Taraba State University also known as TSU is located in Jalingo, Taraba State Nigeria.  The university was established by the Taraba State Government in 2008, to widen access to university education for Taraba State indigenes and promote economic growth and development in the state particularly and the country at large.

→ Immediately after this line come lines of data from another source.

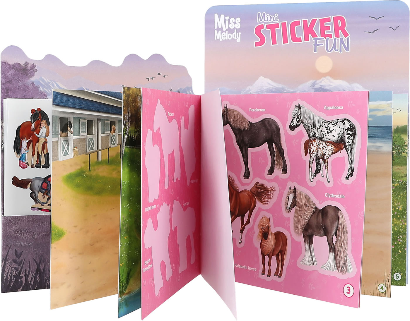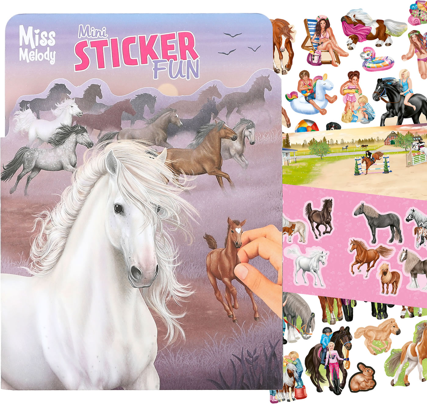 Miss Melody Mini Sticker Fun: Das kleine Pferde-Stickerbuch hat ein tolles, figürlich ausgestanztes Cover und 12 liebevoll illustrierte Hintergrund-Seiten, die mit den Stickern von 7 Stickerbogen gestaltet werden können.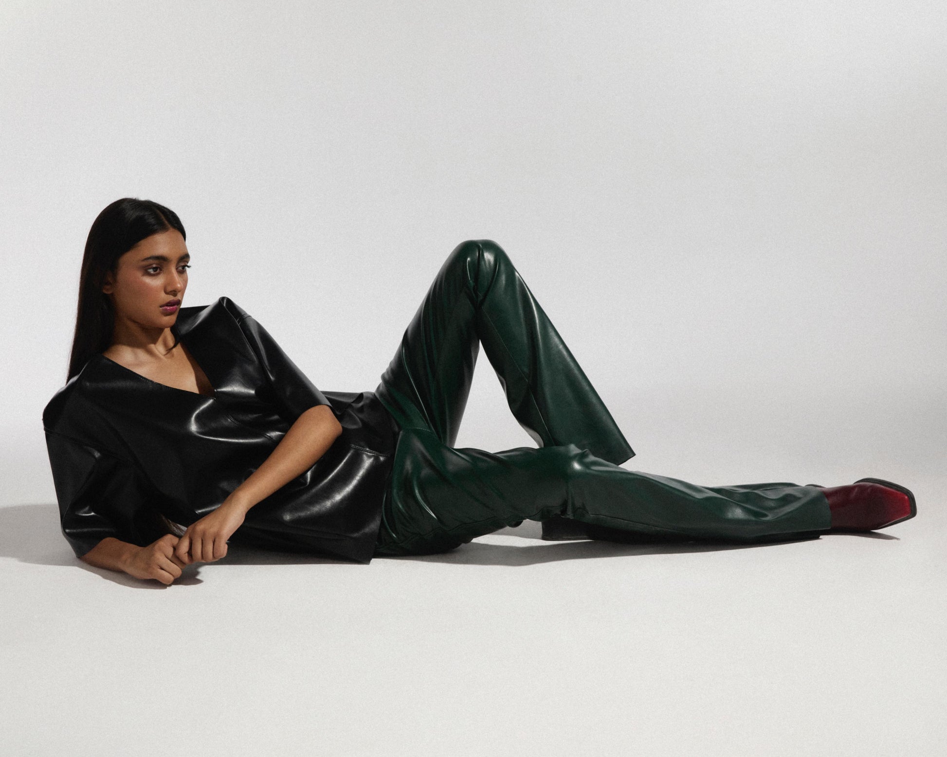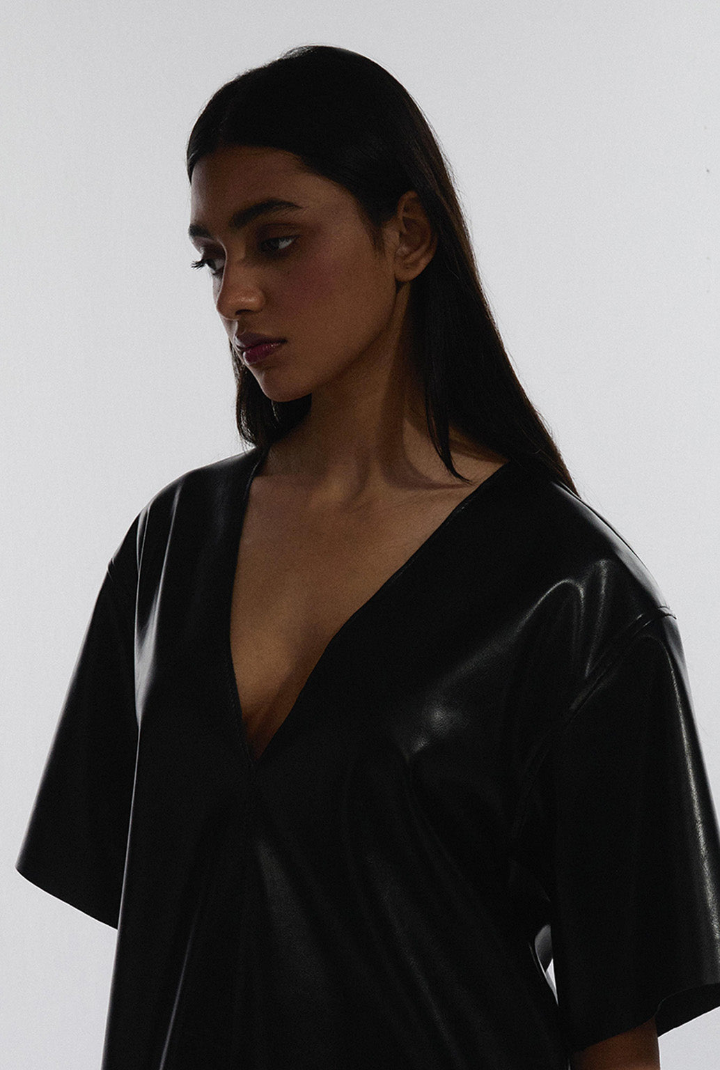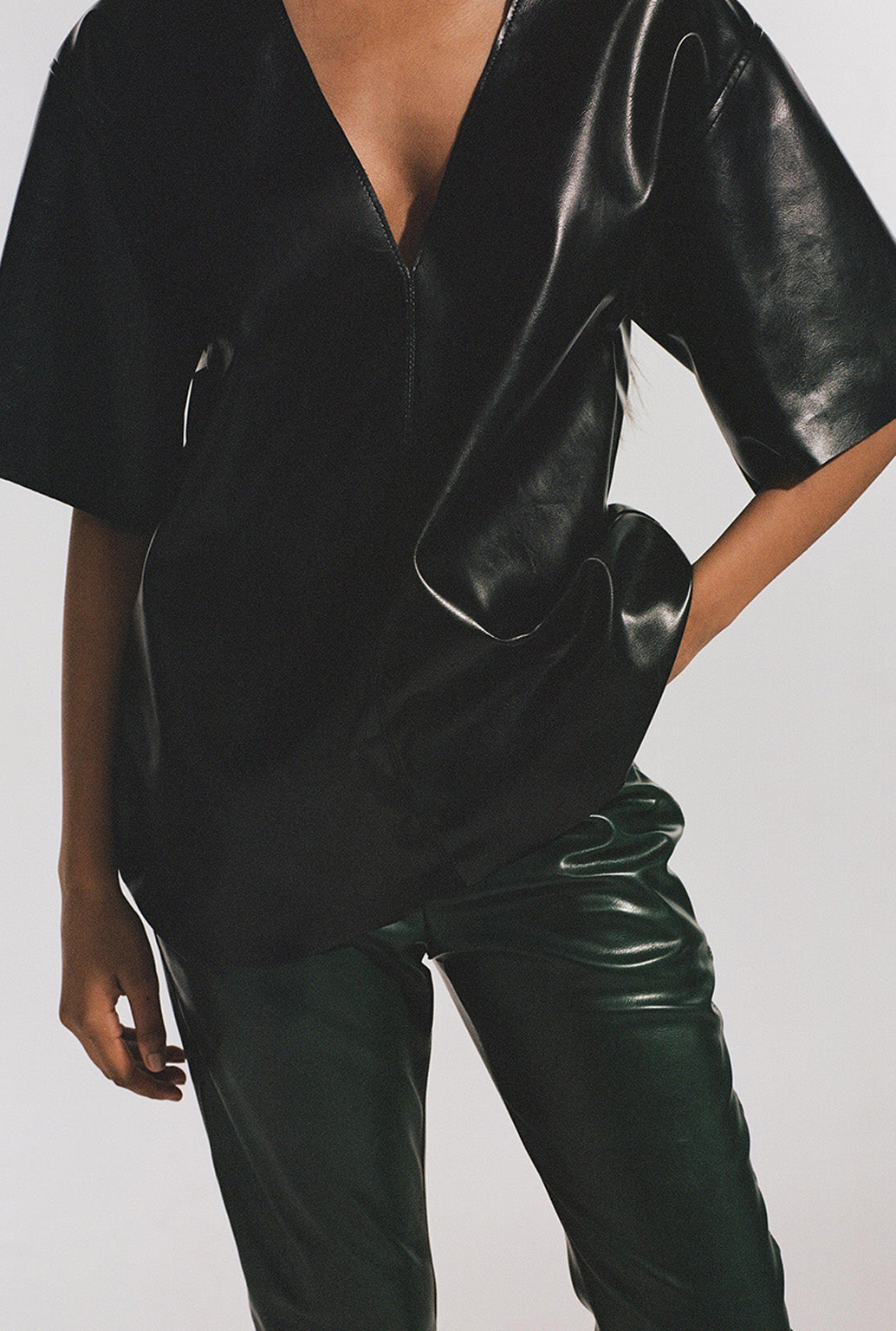 The V top is crafted in supple faux leather with a deep V-neckline and relaxed drop shoulders.
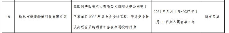 其中,在国网陕西省电力有限公司咸阳供电公司等十三家单位2023年第七次授权工程、服务竞争性谈判联合采购项目中,榆林市渊茂物流科技有限公司存在串通投标行为。处理措施:2024年5月1日-2027年4月30日列入黑名单3年。处理范围:所有品类。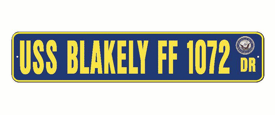 USS BLAKELY FF 1072 Aluminum Street Sign Navy Blue / Yellow 6" x 30" Military USN SS002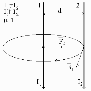Будем считать, что 1 создаёт магн. поле, а 2 находится в поле 1-го. Тогда индукция маг. поля B 1 в точках нахождения 2: B 1 =m 0 I 1 /2pd. F 2 =I 2 B 1 l 2 sina=mI 1 I 2 l 2 /2pd. Можно аналог. рассм. силу F 1 , действующ. на проводник 1 со стороны поля тока I 2 . F 1 =F 2 , если l 1 =l 2 =l. Парал. токи притягиваются, антипарал. - отталкиваются. При рассм. парал. проводников вводят силу, действ. на единицу длины проводника: f ед.дл. =m 0 I 1 I 2 /2pd. (1) Эта ф-ла позвол. ввести единицу силы тока в СИ “1 Ампер”. Опред. ед. силы тока-Ампер Полагая, что I 1 =I 2 =I из (1) имеем: I 2 =f ед.дл. ·2pd/m 0 = f ед.дл. ·d/2·10 -7 . Берём d=1м, f ед.дл. =2·10 -7 Н/м. За единицу силы тока 1A приним. силу такого тока, который протекает по 2-м парал. проводникам, расп. на расст. 1 м в вакууме, вызывает силу взаимодействия между ними, равную 2·10 -7 Н на кажд. ед. длины. Сила Лоренца. Эл. ток предст. собой упорядоченн. движение эл. зарядов. На токи в магн. поле действует сила Ампера, т.е. со стор. магн. поля на кажд. носитель заряда действ. тоже сила. Эту силу наз. силой Лоренца. F л =qVBsina; a=B^V F л =q[V,B] - в вект. форме. На покоящеиеся заряды сила Лоренца не действ. На заряды, влетающие в поле паралл. линиям поля сила Лор. тоже не действ. Если одноврем. действ. электр. и магн. поля, то справедлва ф-ла Лоренца : F=qE+F л Поделитесь этой записью или добавьте в закладки |

Academic and administrative structure of the university 
The academic structure of the university consists of faculty-organized research units and relevant teaching and research support units. The department is the basic unit of academic organization aimed at enhancing interaction between related disciplines in the university.  Though each unit of academic discipline is an organizational entity, they all have common teaching and research interests through the spirit of cooperative and interdisciplinary research and the development of group effort.

The administrative set up of a school is centered on the Dean's Office, while the departments concentrate essentially on academic matters and pursuits.  The overall affairs of the university are guided by the council in policy and financial matters, while the senate determines all academic matters.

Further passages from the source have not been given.